Join NPR's Ron Elving and Ken Rudin for their pre-Election Day political roundup.

 

Hyundai and Kia overstated the gas mileage on most of their models from the past three years in an embarrassing blunder that could bring sanctions from the U.S. government and millions of dollars in payments to car owners.

Because of the inflated mileage, discovered during an audit by the Environmental Protection Agency, the Korean automakers must retrofit the window stickers on the cars, reducing their fuel economy figures by one to six miles per gallon depending on the model, the agency said Friday.

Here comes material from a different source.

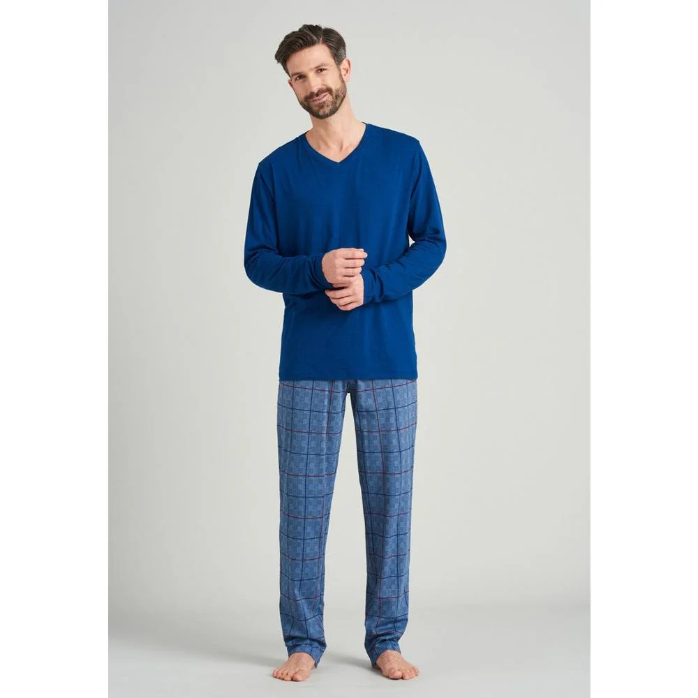 Lange, geruite herenpyjamabroek of loungebroek van Schiesser,

"Consumers rely on the window sticker to help make informed choices about the cars they buy," said Gina McCarthy, assistant administrator of the EPA's air-quality office. "EPA's investigation will help protect consumers and ensure a level playing field among automakers."

The EPA said its inquiry into the errors is continuing, and the agency would not comment when asked if the companies will be fined or if a criminal investigation is under way. But the EPA said it's the first case in which erroneous test results were uncovered in a large number of vehicles from the same manufacturer. Only two similar errors have been discovered since 2000, and those involved single models.

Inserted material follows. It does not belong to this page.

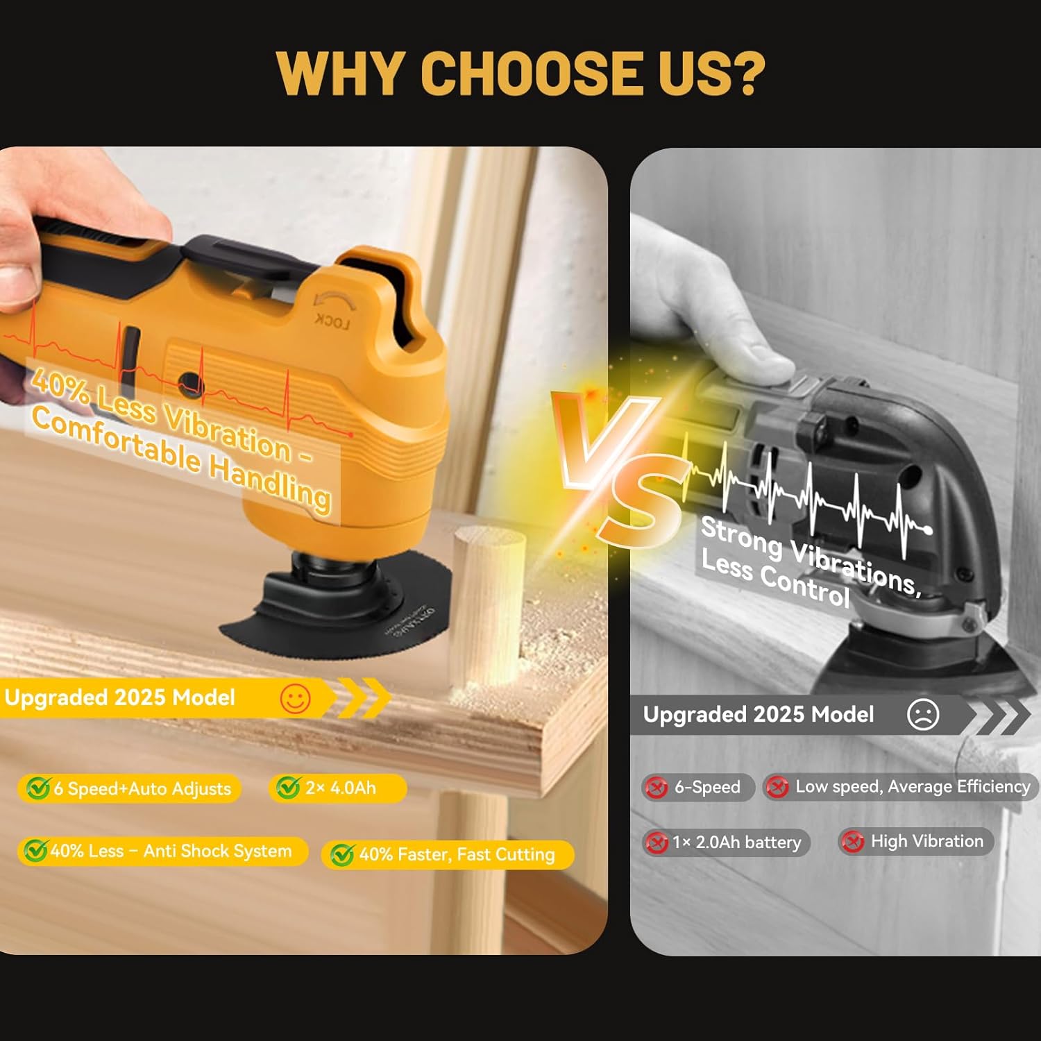 Anti-Vibration & LED Design: The upgraded oscillating multi tool features an advanced anti-vibration structure that minimizes hand fatigue during long use. With an optimized brushless motor and internal vibration dampening pads, this oscillating multi tool runs smoother and steadier than conventional models.. The built-in LED light ensures excellent visibility in dark or confined areas, making this cordless oscillating power tool perfect for detailed interior or corner work

Hyundai and Kia executives apologized for the errors, said they were unintentional, and promised to pay the owners of 900,000 cars and SUVs for the difference in mileage. The payments, which will be made annually for as long as people own their cars, are likely to cost the companies hundreds of millions of dollars.

The EPA said it received about a dozen complaints from consumers that the mileage of their 2012 Hyundai Elantra compact cars didn't match the numbers on the window stickers. So staffers at the EPA's vehicle and fuel emission laboratory in Ann Arbor, Mich., included the Elantra in an annual audit that focused on cars that lead their market segments in mileage.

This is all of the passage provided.